▶ _TASK STATEMENT_
Every entry must reappear in your answer exactly as written, though its pictures must not.

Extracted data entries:
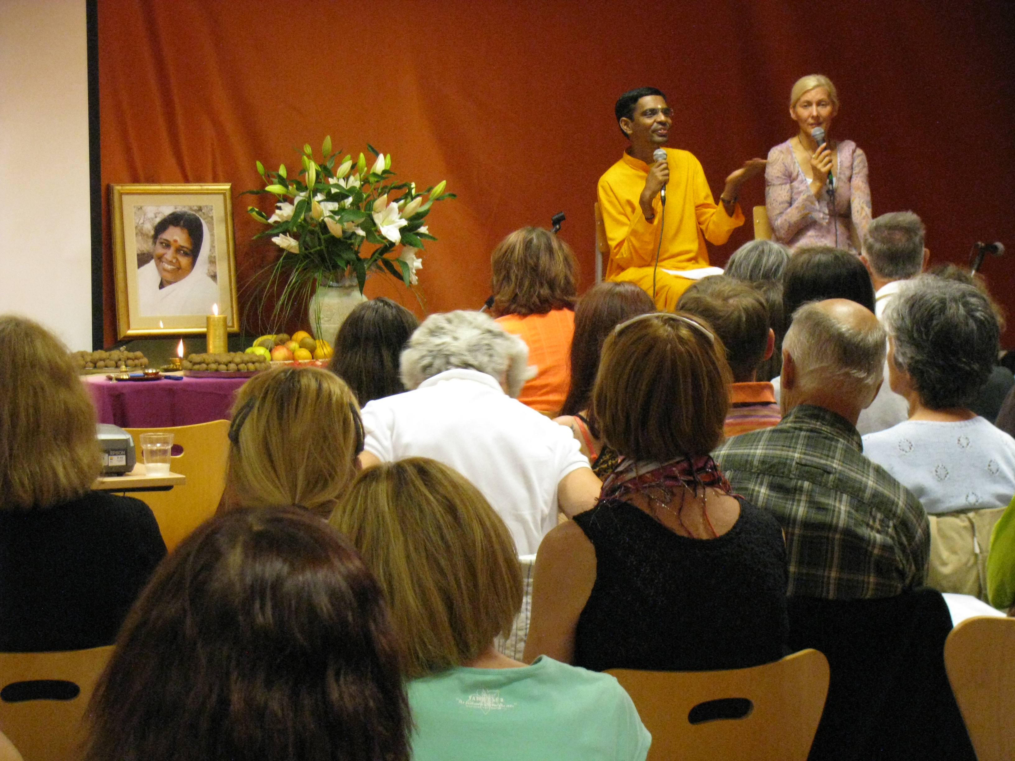 Predavanje Br. Shubamrite je bilo 8. junija 2010 na Biotehničnem centru v Ljubljani, na Ižanski 10. Začel se je okrog 19. ure in je trajal do 22. ure. Br. Shubamrita je govoril o tem, kako se soočiti s problemi v življenju. Predstavil je tudi Ammo, njeno delovanje in obiskovalce povabil, da jo v jeseni obiščejo osebno na njeni evropski turneji. Najbližje našim krajem bo prišla v Munchen, kamor bomo, če bo dovolj zanimanja, organizirali tudi avtobusni prevoz in Milano. Predavanje je sproti prevajala odlična prevajalka Branka Božič.
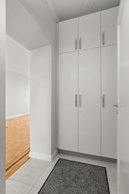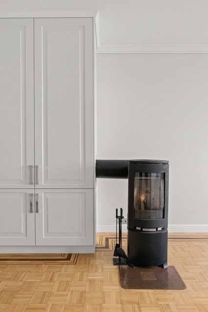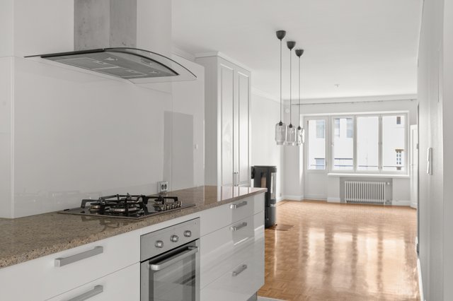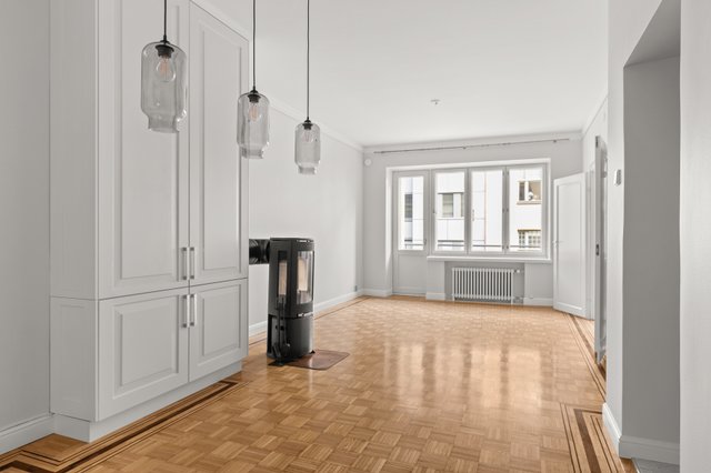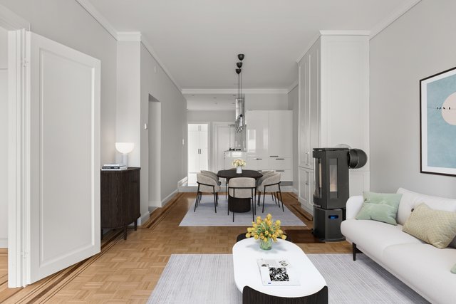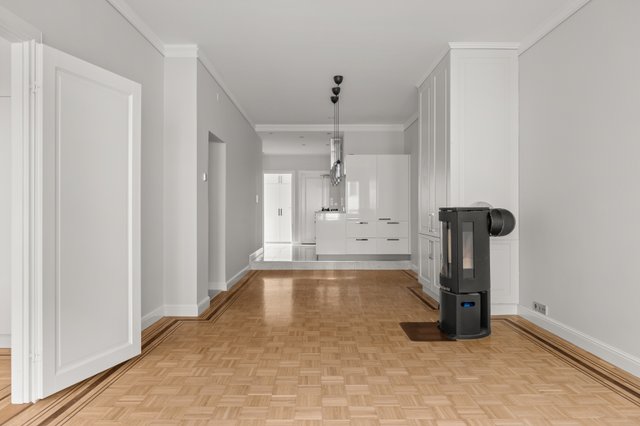 Korkeat huoneet ja avarat tilat luovat ilmavan ja kutsuvan tunnelman, ja olohuoneen takka tuo lämpöä ja kodikkuutta viileisiin iltoihin. Olohuoneesta on käynti etelään suuntautuvalle parvekkeelle, jolta avautuu näkymä kadulle. Keittiö on sekä tyylikäs että toimiva – laadukkaat kodinkoneet, kaasuliesi ja kivitasot tekevät ruoanlaitosta nautinnon.
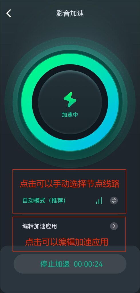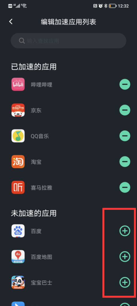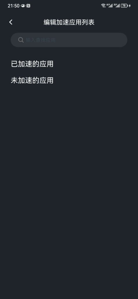 安卓端进入【编辑加速应用】即可看到【已加速应用】和【未加速应用】,从【未加速应用】内点击添加,返回选择【应用加速】,完成加速后重启应用即可。
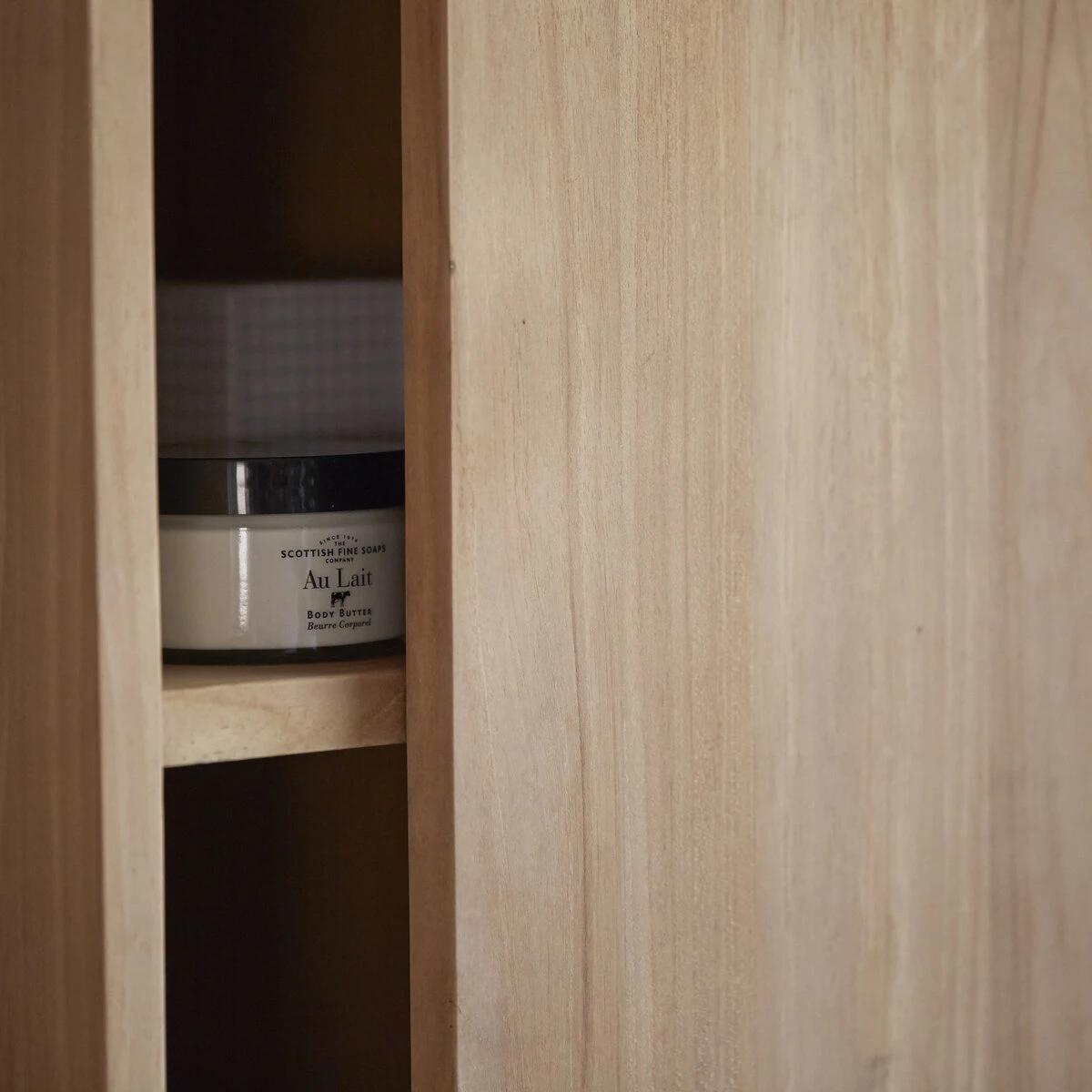 Charmante colonne de salle de bain suspendue en teck massif certifié FSC®.
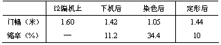 由于網(wǎng)眼織物的橫向縮率較大,特別在染色后,門幅減小了34.4%左右。染色、脫水后,上樹(shù)脂、短環(huán)預(yù)烘、焙烘均在該門幅下進(jìn)行,然而定形時(shí)門幅約擴(kuò)大0.4米,這對(duì)樹(shù)脂的拉力過(guò)大,將導(dǎo)致樹(shù)脂膜斷裂。因此我們應(yīng)該在染色前增加一次預(yù)定形,使其幅寬接近定形幅寬。
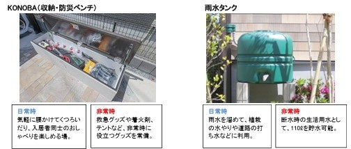 公園には、植栽の剪定グッズや防災グッズを収納したベンチ「KONOBA」やシェアサイクルなどを設置することによって、モノをシェアしながら交流を育み、豊かなコミュニティを醸成します。
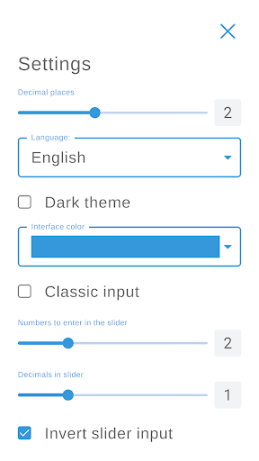 FCC has two modes of inputting data – standard keyboard or swiping the numbers, which makes the app more accessible for everyone. Additionally, the app offers a variety of color themes and a dark mode for a comfortable user experience.
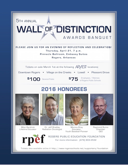 Four exceptional honorees have been selected by the Rogers Public Education Foundation for the Wall of Distinction.
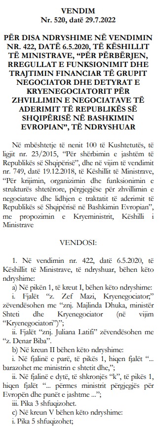 Vendimi mban firmën e kryeministrit Edi Rama dhe u mor kur ai shkarkoi negociatorin Zef Mazi dhe në vend të tij emëroi Majlinda Dhukën.

▶ _RESULT OF THE EXERCISE_
 Predavanje Br. Shubamrite je bilo 8. junija 2010 na Biotehničnem centru v Ljubljani, na Ižanski 10. Začel se je okrog 19. ure in je trajal do 22. ure. Br. Shubamrita je govoril o tem, kako se soočiti s problemi v življenju. Predstavil je tudi Ammo, njeno delovanje in obiskovalce povabil, da jo v jeseni obiščejo osebno na njeni evropski turneji. Najbližje našim krajem bo prišla v Munchen, kamor bomo, če bo dovolj zanimanja, organizirali tudi avtobusni prevoz in Milano. Predavanje je sproti prevajala odlična prevajalka Branka Božič.
 Korkeat huoneet ja avarat tilat luovat ilmavan ja kutsuvan tunnelman, ja olohuoneen takka tuo lämpöä ja kodikkuutta viileisiin iltoihin. Olohuoneesta on käynti etelään suuntautuvalle parvekkeelle, jolta avautuu näkymä kadulle. Keittiö on sekä tyylikäs että toimiva – laadukkaat kodinkoneet, kaasuliesi ja kivitasot tekevät ruoanlaitosta nautinnon.
 安卓端进入【编辑加速应用】即可看到【已加速应用】和【未加速应用】,从【未加速应用】内点击添加,返回选择【应用加速】,完成加速后重启应用即可。
 Charmante colonne de salle de bain suspendue en teck massif certifié FSC®.
 由于網(wǎng)眼織物的橫向縮率較大,特別在染色后,門幅減小了34.4%左右。染色、脫水后,上樹(shù)脂、短環(huán)預(yù)烘、焙烘均在該門幅下進(jìn)行,然而定形時(shí)門幅約擴(kuò)大0.4米,這對(duì)樹(shù)脂的拉力過(guò)大,將導(dǎo)致樹(shù)脂膜斷裂。因此我們應(yīng)該在染色前增加一次預(yù)定形,使其幅寬接近定形幅寬。
 公園には、植栽の剪定グッズや防災グッズを収納したベンチ「KONOBA」やシェアサイクルなどを設置することによって、モノをシェアしながら交流を育み、豊かなコミュニティを醸成します。
 FCC has two modes of inputting data – standard keyboard or swiping the numbers, which makes the app more accessible for everyone. Additionally, the app offers a variety of color themes and a dark mode for a comfortable user experience.
 Four exceptional honorees have been selected by the Rogers Public Education Foundation for the Wall of Distinction.
 Vendimi mban firmën e kryeministrit Edi Rama dhe u mor kur ai shkarkoi negociatorin Zef Mazi dhe në vend të tij emëroi Majlinda Dhukën.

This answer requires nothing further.